┌──

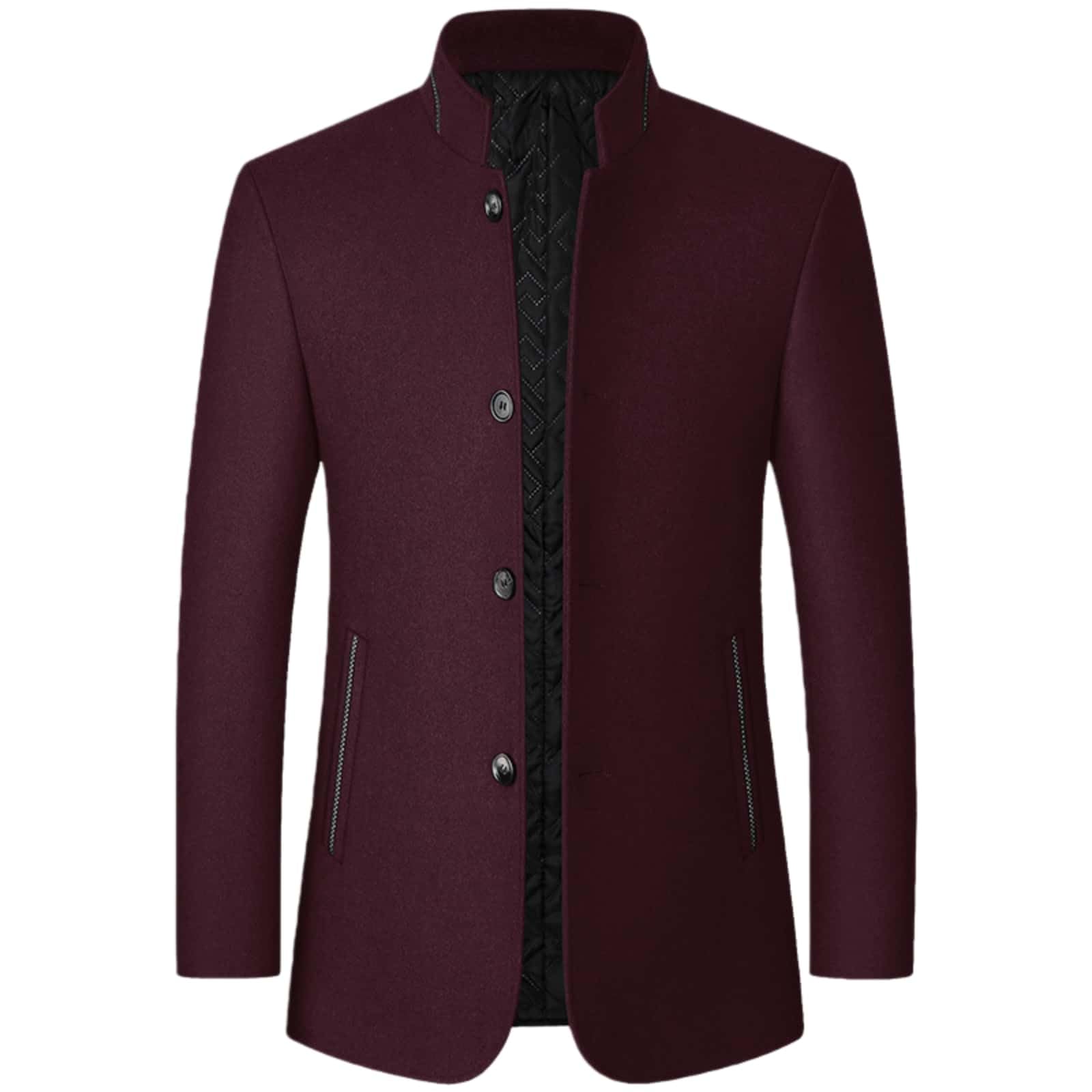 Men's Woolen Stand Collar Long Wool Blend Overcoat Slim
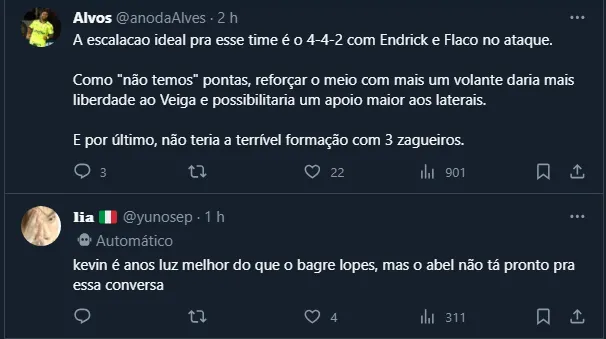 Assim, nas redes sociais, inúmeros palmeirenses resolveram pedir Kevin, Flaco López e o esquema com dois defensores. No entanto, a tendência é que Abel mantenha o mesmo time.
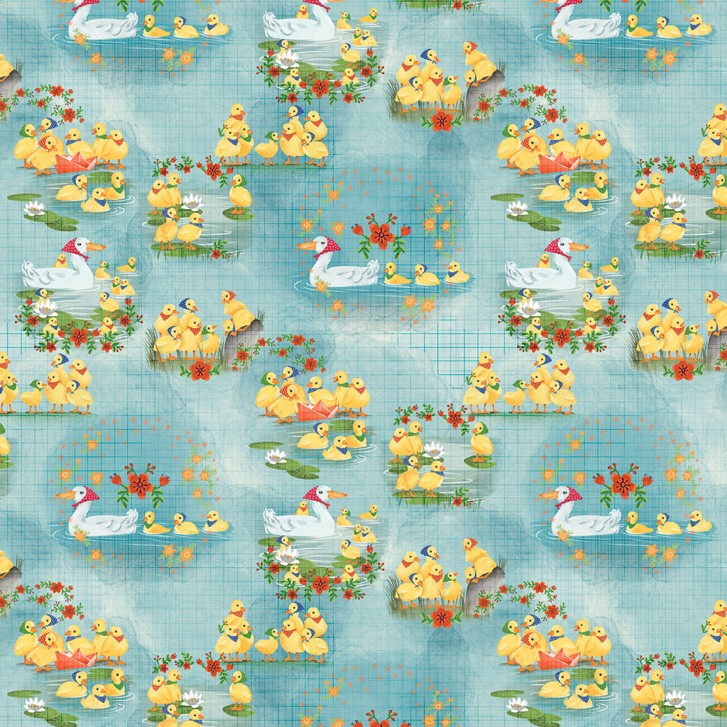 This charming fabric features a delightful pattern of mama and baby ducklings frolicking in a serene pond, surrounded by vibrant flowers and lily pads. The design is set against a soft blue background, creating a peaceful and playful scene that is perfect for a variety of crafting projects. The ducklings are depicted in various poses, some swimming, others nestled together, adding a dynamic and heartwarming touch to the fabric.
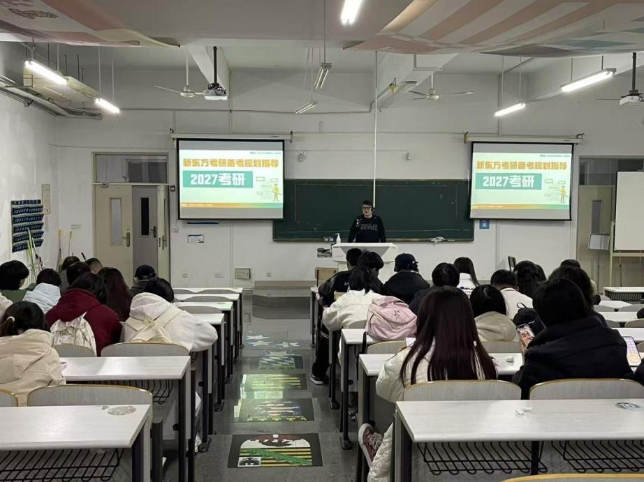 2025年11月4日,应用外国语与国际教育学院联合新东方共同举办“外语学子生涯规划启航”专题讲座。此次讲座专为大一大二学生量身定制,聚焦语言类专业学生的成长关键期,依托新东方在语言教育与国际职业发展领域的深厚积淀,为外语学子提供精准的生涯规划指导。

└──

## Exercise objective
Text only, please: give the listing again word for word with no images.

## Response to the task
 Men's Woolen Stand Collar Long Wool Blend Overcoat Slim
 Assim, nas redes sociais, inúmeros palmeirenses resolveram pedir Kevin, Flaco López e o esquema com dois defensores. No entanto, a tendência é que Abel mantenha o mesmo time.
 This charming fabric features a delightful pattern of mama and baby ducklings frolicking in a serene pond, surrounded by vibrant flowers and lily pads. The design is set against a soft blue background, creating a peaceful and playful scene that is perfect for a variety of crafting projects. The ducklings are depicted in various poses, some swimming, others nestled together, adding a dynamic and heartwarming touch to the fabric.
 2025年11月4日,应用外国语与国际教育学院联合新东方共同举办“外语学子生涯规划启航”专题讲座。此次讲座专为大一大二学生量身定制,聚焦语言类专业学生的成长关键期,依托新东方在语言教育与国际职业发展领域的深厚积淀,为外语学子提供精准的生涯规划指导。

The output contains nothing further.